◆ Exercise description: Although the data below contains pictures, output only the lines between those holding "Die anschließenden Farbaufträge" and "土壤:土壤铵态氮、土壤有效磷", inclusive, exactly and without those pictures.

◆ Source material:
+===+

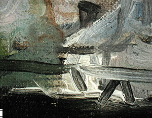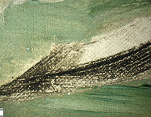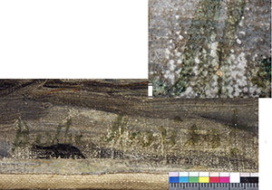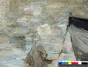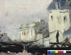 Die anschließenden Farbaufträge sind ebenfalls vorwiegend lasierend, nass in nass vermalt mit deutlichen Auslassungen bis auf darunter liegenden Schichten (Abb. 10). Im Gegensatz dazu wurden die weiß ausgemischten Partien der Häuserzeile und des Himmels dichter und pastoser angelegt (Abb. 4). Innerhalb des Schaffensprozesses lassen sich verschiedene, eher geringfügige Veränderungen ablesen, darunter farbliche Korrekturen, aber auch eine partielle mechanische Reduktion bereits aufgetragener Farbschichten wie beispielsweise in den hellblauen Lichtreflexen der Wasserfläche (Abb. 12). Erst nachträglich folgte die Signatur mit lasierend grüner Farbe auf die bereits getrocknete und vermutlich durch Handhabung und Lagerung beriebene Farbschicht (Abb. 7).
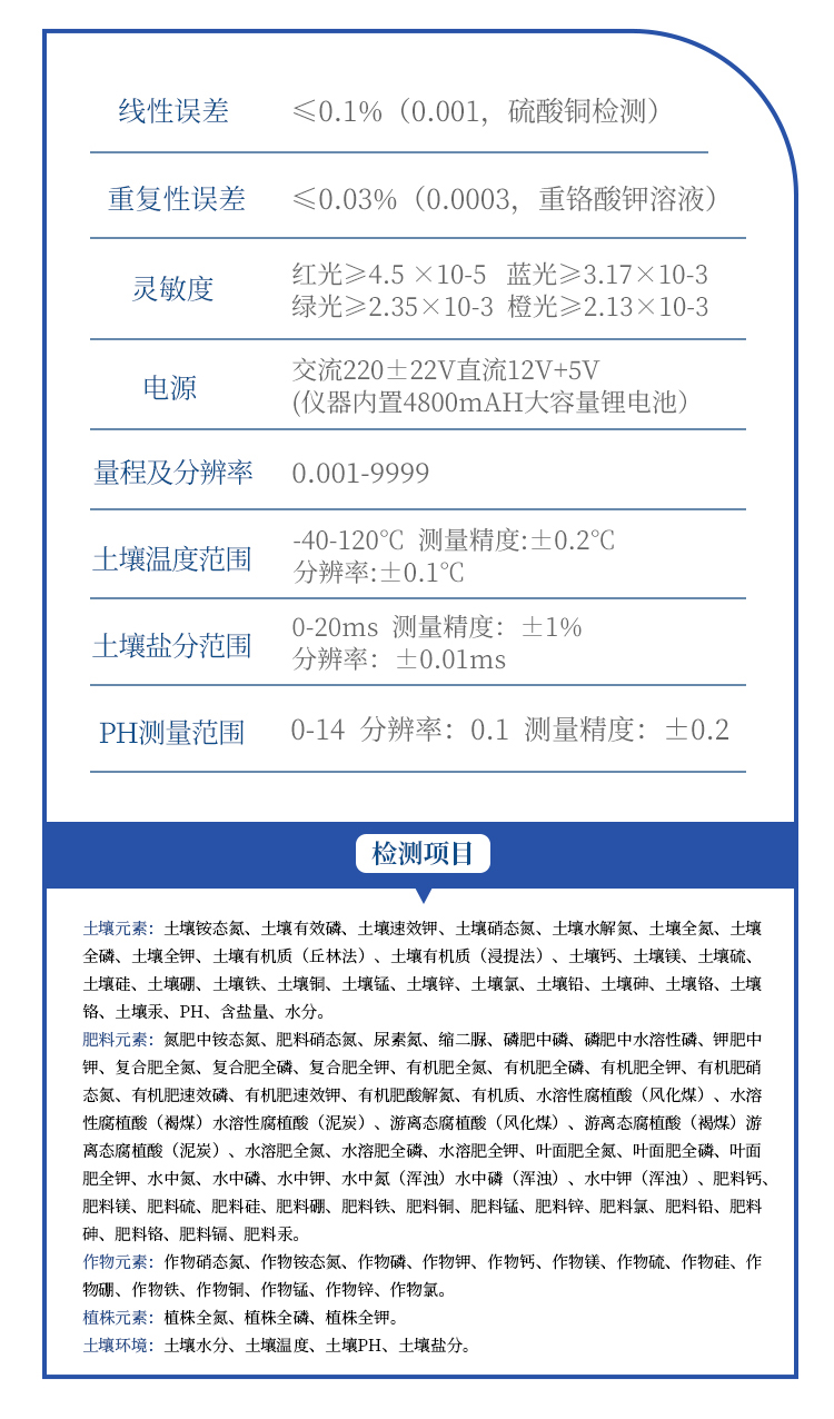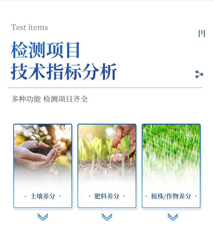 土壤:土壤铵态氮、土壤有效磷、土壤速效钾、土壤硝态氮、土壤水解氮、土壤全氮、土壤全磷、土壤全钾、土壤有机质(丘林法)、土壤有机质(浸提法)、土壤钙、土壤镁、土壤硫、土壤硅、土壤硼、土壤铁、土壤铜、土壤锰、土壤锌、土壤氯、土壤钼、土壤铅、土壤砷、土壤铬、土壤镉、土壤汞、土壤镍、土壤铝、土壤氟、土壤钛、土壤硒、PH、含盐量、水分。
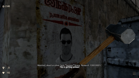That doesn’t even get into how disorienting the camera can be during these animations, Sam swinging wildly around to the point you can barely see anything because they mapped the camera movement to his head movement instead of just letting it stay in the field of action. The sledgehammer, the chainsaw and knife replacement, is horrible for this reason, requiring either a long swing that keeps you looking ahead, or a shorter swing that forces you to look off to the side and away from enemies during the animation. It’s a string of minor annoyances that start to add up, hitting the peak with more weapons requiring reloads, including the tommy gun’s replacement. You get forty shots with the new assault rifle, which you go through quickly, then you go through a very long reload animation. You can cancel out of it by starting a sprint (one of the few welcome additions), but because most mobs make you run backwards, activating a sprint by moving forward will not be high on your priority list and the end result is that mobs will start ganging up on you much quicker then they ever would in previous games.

+===+

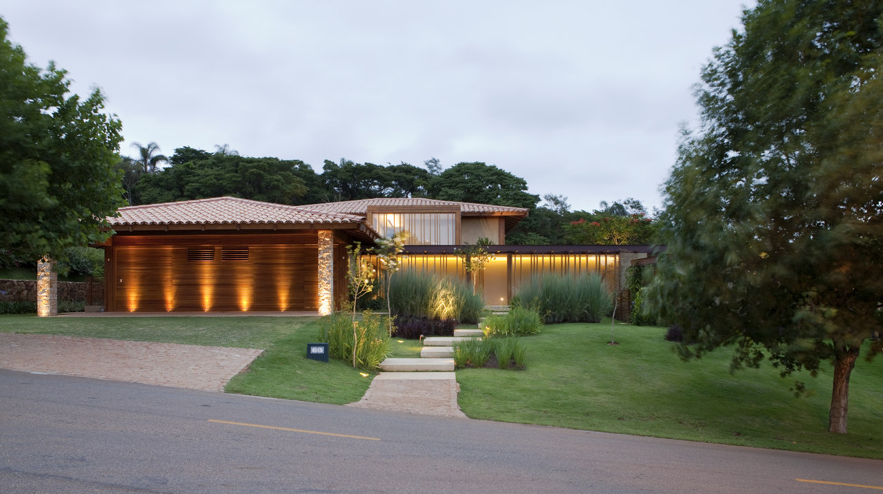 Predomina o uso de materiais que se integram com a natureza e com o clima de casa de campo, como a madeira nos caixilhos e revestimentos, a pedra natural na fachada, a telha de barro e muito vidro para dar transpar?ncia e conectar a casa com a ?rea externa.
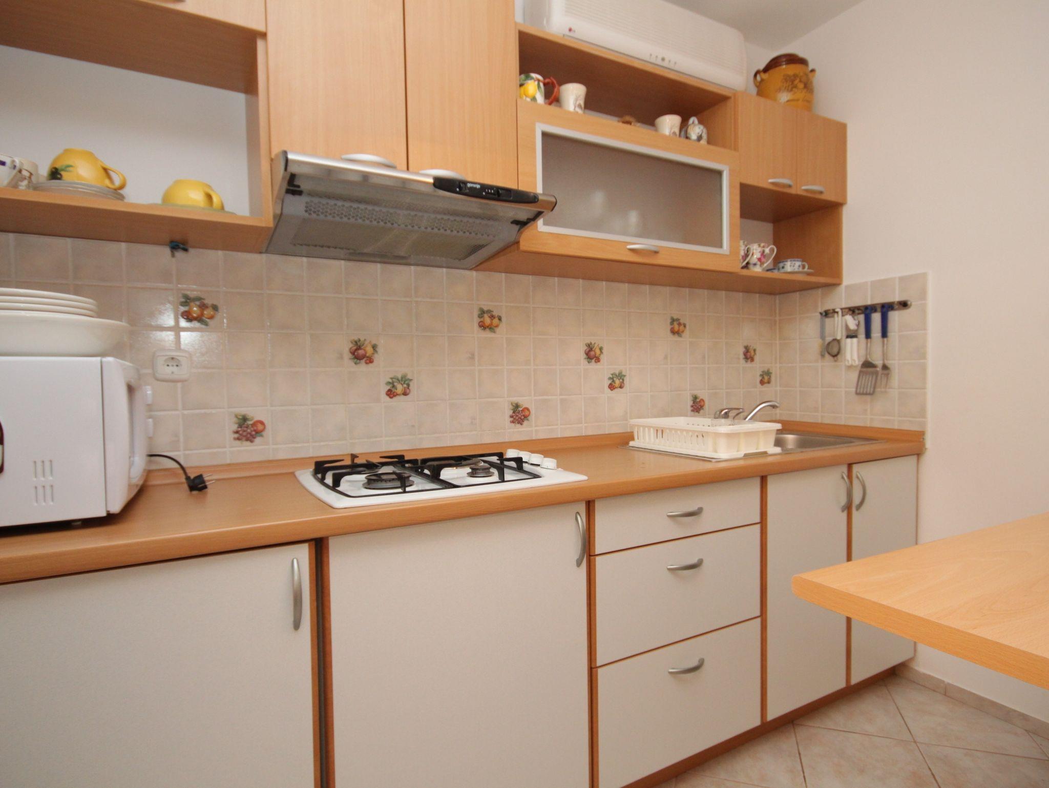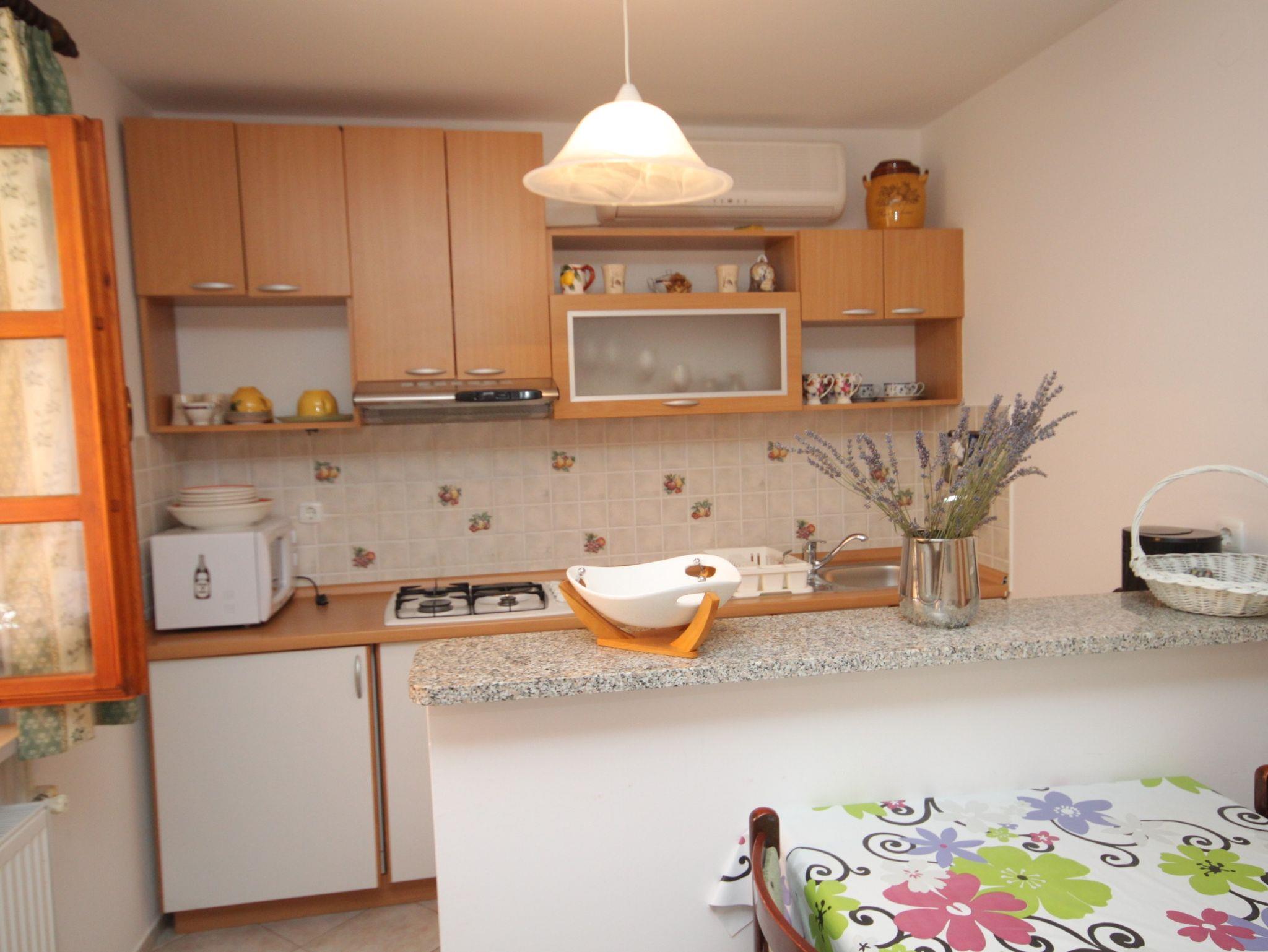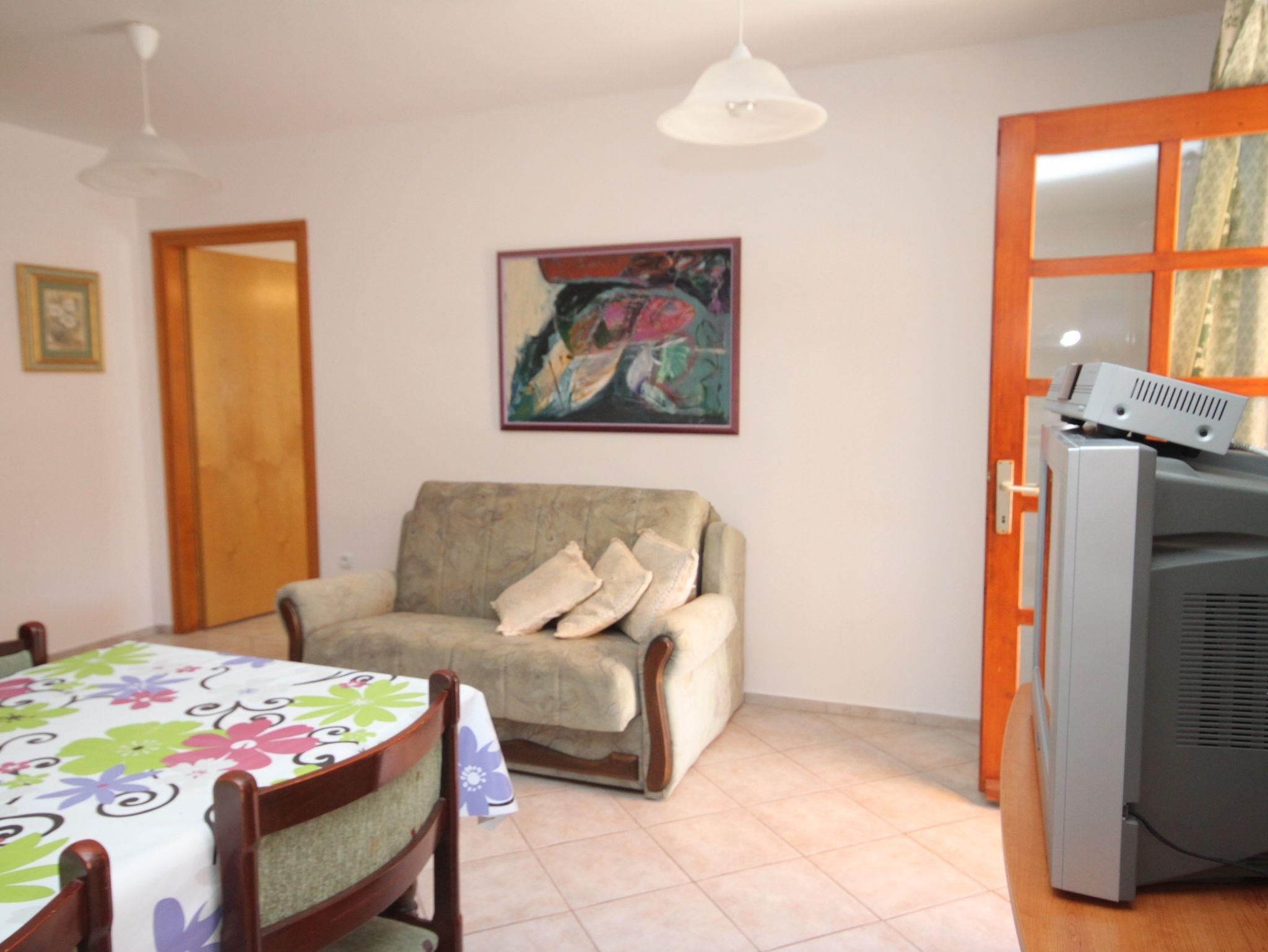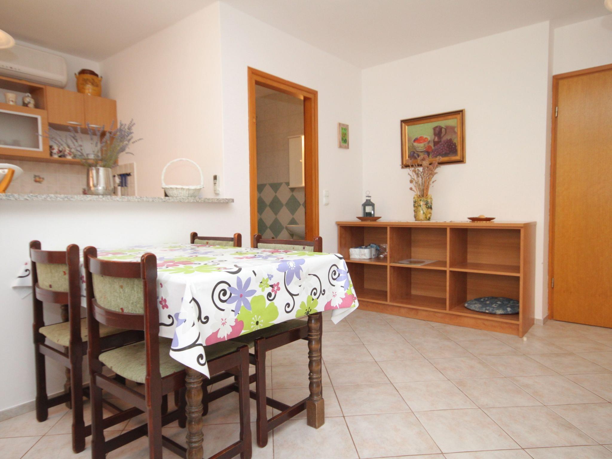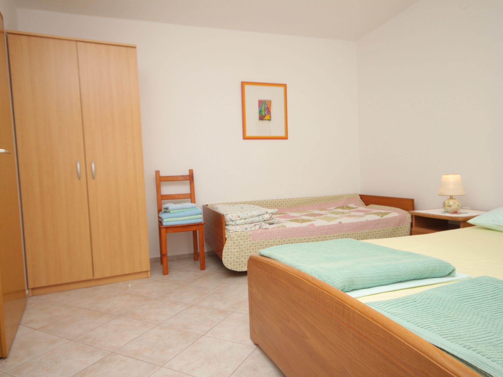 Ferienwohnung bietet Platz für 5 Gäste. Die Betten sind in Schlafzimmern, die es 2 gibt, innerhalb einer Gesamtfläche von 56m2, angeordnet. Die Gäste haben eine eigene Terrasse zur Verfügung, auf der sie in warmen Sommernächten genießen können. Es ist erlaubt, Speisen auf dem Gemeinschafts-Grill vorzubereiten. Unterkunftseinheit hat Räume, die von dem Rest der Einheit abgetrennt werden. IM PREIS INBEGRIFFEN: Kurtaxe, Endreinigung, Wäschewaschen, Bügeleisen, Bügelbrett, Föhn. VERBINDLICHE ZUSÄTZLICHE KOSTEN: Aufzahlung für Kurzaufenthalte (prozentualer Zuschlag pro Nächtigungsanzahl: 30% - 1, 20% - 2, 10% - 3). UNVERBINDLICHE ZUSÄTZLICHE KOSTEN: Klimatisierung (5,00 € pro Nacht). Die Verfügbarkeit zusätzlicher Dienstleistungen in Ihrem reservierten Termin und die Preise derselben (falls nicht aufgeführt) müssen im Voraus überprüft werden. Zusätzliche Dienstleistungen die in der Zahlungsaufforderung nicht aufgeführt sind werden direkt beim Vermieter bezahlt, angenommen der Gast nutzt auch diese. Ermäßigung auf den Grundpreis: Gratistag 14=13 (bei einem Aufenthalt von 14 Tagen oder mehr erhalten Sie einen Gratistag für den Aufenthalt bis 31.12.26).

+===+

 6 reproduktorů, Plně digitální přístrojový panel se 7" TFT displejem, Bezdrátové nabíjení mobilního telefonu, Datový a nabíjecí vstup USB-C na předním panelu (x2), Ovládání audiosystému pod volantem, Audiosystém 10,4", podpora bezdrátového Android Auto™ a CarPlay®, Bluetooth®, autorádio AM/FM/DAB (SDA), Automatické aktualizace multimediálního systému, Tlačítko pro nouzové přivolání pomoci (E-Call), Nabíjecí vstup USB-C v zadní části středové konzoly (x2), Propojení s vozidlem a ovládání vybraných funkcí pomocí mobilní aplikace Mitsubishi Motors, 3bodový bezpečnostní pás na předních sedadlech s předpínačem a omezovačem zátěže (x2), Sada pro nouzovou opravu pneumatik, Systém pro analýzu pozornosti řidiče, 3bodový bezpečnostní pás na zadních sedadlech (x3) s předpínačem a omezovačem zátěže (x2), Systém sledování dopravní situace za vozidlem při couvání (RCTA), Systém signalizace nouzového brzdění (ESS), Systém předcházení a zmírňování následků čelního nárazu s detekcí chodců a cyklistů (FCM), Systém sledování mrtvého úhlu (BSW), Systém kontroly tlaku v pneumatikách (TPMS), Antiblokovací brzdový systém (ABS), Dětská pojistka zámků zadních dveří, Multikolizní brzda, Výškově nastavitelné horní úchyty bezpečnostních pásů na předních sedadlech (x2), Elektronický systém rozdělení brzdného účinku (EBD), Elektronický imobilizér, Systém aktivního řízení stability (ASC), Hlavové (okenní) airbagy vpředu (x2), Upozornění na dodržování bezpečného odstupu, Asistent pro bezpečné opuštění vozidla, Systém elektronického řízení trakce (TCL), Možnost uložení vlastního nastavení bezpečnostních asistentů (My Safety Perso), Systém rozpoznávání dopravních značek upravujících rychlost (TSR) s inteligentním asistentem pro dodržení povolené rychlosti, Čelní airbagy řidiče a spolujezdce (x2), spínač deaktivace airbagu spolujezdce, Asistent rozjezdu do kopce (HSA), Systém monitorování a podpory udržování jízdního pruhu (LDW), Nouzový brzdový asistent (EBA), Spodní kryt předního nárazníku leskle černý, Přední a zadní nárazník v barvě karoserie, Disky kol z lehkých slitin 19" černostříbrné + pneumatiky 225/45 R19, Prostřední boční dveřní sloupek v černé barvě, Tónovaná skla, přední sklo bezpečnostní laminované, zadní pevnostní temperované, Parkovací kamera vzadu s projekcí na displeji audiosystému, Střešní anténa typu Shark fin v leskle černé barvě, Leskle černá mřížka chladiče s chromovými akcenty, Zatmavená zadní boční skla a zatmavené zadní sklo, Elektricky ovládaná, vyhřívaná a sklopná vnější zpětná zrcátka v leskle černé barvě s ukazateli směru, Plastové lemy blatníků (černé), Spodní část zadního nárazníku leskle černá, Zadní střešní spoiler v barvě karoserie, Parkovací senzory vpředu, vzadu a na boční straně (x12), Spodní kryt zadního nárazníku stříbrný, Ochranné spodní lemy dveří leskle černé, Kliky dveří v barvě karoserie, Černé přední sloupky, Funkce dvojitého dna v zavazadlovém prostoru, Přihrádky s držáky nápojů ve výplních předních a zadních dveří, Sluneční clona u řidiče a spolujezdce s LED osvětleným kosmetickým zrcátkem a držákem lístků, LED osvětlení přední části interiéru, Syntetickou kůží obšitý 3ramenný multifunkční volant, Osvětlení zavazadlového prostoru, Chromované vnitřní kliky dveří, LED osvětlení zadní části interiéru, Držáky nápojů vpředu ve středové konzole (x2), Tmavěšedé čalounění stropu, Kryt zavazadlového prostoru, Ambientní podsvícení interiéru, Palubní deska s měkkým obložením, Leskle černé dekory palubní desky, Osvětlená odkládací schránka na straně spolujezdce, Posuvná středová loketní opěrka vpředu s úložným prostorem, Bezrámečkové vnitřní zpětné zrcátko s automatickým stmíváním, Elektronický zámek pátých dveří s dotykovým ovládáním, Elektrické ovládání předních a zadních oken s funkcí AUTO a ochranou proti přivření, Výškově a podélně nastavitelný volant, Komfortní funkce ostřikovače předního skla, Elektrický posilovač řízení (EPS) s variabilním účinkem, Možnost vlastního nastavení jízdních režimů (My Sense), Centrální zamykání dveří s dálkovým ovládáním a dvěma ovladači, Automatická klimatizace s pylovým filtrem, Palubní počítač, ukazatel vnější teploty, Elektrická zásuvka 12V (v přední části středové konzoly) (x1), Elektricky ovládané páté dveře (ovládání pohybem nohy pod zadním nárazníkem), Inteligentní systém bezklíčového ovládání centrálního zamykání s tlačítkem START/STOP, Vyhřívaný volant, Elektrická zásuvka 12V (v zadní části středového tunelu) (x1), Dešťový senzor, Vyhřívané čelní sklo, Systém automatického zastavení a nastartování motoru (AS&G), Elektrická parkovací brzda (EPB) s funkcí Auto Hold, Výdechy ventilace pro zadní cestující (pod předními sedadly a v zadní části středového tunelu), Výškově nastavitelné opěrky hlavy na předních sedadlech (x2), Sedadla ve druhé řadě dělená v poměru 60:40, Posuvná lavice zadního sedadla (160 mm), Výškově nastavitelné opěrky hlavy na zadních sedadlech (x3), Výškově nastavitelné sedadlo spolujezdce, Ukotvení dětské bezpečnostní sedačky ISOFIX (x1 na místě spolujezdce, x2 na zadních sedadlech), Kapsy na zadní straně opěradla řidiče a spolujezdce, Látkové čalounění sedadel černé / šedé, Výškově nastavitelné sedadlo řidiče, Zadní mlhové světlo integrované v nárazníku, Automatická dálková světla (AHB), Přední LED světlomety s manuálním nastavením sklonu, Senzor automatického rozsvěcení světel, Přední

+===+

◆ Your response:
 Die anschließenden Farbaufträge sind ebenfalls vorwiegend lasierend, nass in nass vermalt mit deutlichen Auslassungen bis auf darunter liegenden Schichten (Abb. 10). Im Gegensatz dazu wurden die weiß ausgemischten Partien der Häuserzeile und des Himmels dichter und pastoser angelegt (Abb. 4). Innerhalb des Schaffensprozesses lassen sich verschiedene, eher geringfügige Veränderungen ablesen, darunter farbliche Korrekturen, aber auch eine partielle mechanische Reduktion bereits aufgetragener Farbschichten wie beispielsweise in den hellblauen Lichtreflexen der Wasserfläche (Abb. 12). Erst nachträglich folgte die Signatur mit lasierend grüner Farbe auf die bereits getrocknete und vermutlich durch Handhabung und Lagerung beriebene Farbschicht (Abb. 7).
 土壤:土壤铵态氮、土壤有效磷、土壤速效钾、土壤硝态氮、土壤水解氮、土壤全氮、土壤全磷、土壤全钾、土壤有机质(丘林法)、土壤有机质(浸提法)、土壤钙、土壤镁、土壤硫、土壤硅、土壤硼、土壤铁、土壤铜、土壤锰、土壤锌、土壤氯、土壤钼、土壤铅、土壤砷、土壤铬、土壤镉、土壤汞、土壤镍、土壤铝、土壤氟、土壤钛、土壤硒、PH、含盐量、水分。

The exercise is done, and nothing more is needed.